No political party or entity can distance itself from the criminality that runs rampant in the country. Jamaicans should have been demanding answers and resignations long before today. It may be ineffective to list all the previous acts of corruption by political administrations past and present, for which no one sought to remedy. Let us then ride the current wave of national political discourse that is taking place. However, we must be rationale in how we act and of our demands. Any Jamaican that feel that they have been wronged by the Golding Administration has the right to demand for the dissolution of the government, but in so doing must not seek to replace it with an administration that will be just as inept at dealing with our current dilemma.
Let us not allow ourselves to denigrate our discussion to ideological divides and nonsensical name calling. Creating social networking groups inconsistent with an atmosphere of sound intellectual discussions will not make Jamaica or our state of affairs any better.
Where do we go from here? What actions must and can be taken by the people of Jamaica to finally rid the nation of crime and corruption? Today is the day, and now is the time that we must strategize and begin to find meaningful ways of rebuilding our island nation. No country can be constructed without a proper foundation. Jamaica’s foundation has been eroded. We must become committed to reestablishing this foundation. We cannot and should not rely on any political administration to do this. It starts and ends with the people of Jamaica, the common man, the students, the entertainers, families, the ordinary mom’s and dad’s. Perhaps when we realize as a people that the future of Jamaica depends greatly on our actions today, maybe one day the guns will stop barking, maybe one day we will have a leadership committed to the development of the nation as a whole and not just the development and substance of party loyalist and garrison constituencies.

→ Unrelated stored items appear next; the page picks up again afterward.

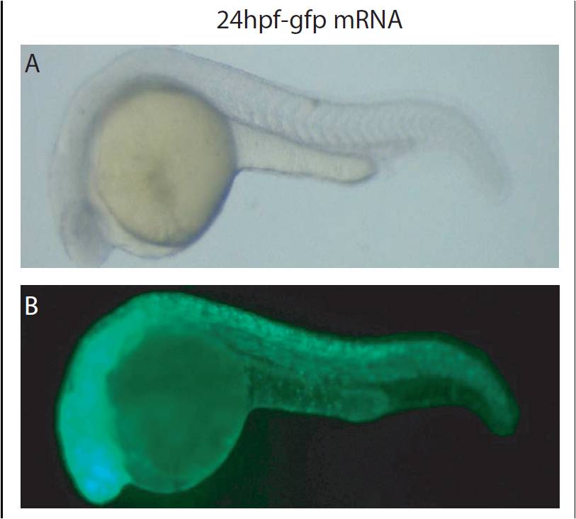 Fig. S1 In vivo translation of 1 ng gfp mRNA. (A) bright field image showing no developmental abnormalities and (B) widespread appearance of gfp signal within the developing embryo at 27 hpf.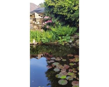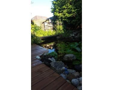 Im Außenbereich ist direkt angeschlossen an die Küche und das Wohnzimmer die Terasse mit Doppelstegplatten. Diese lädt zum sitzen am Teich ein.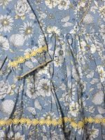 Design: Padrão floral com detalhe nas mangas em amarelo e folhos na parte do peito, dando um toque sofisticado e moderno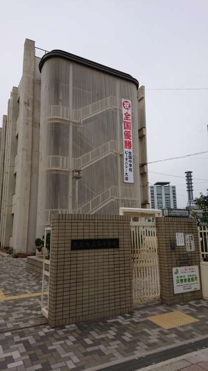 全国中学校ビーチバレー大会「全国優勝」の垂れ幕を、度重なる台風の通過により一旦おろしていましたが、本日から再び正門から見えるように吊るしました。
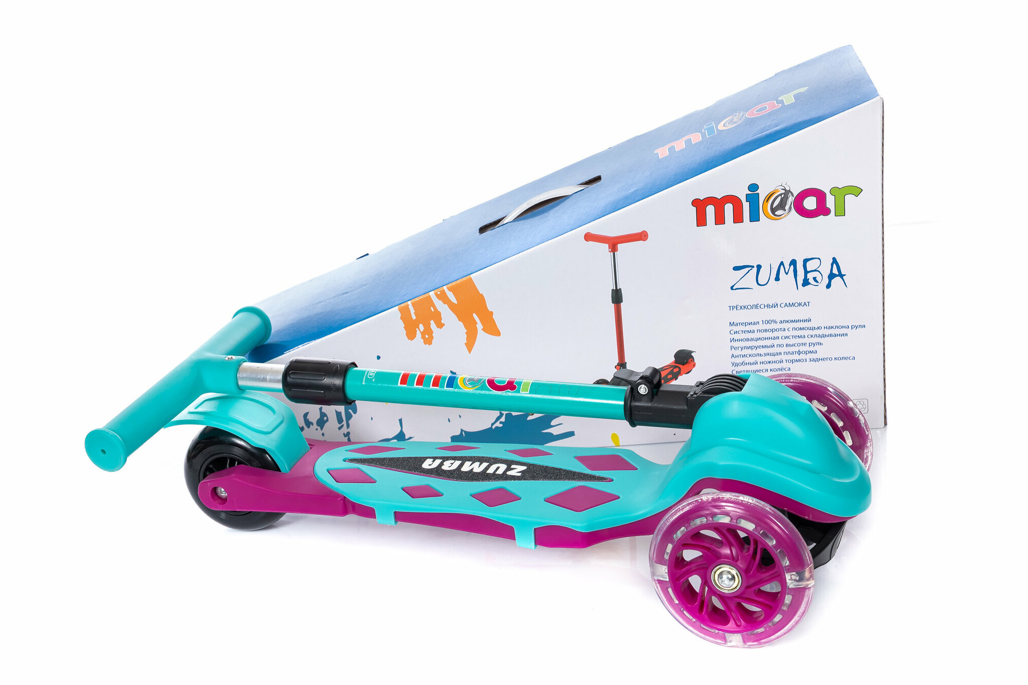 Самокат трехколесный со светящимися колесами Micar Zumba 2022 розовый
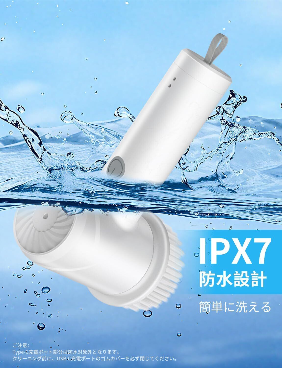 【IPX7防水|無線式】水しぶきに強い防水設計で、浴室・トイレの掃除もラクラク。そして、電動お掃除ブラシはコードレスの設計で、電線に邪魔せず、どこでも自由に掃除できます。(ご注意:充電ポートは非防水のため、水没厳禁。)

Today is a defining moment in our history as a people. Let us not allow this moment to pass by without making the best of it. Pledge today to end the crime and violence that has so long plagued our nation. Let us embrace our power to stand together as one and not be made into mere tokens for use by our political administrators. It is time we put an end to the tears that have been flowing, to the thousands of lives lost. Put an end to the disregard for the lives of the children who hold the nation’s future in their hands. It is time to take back Jamaica; the future is ours for the making. A nation at war with itself is a nation defeated. Let us unite to build a better Jamaica.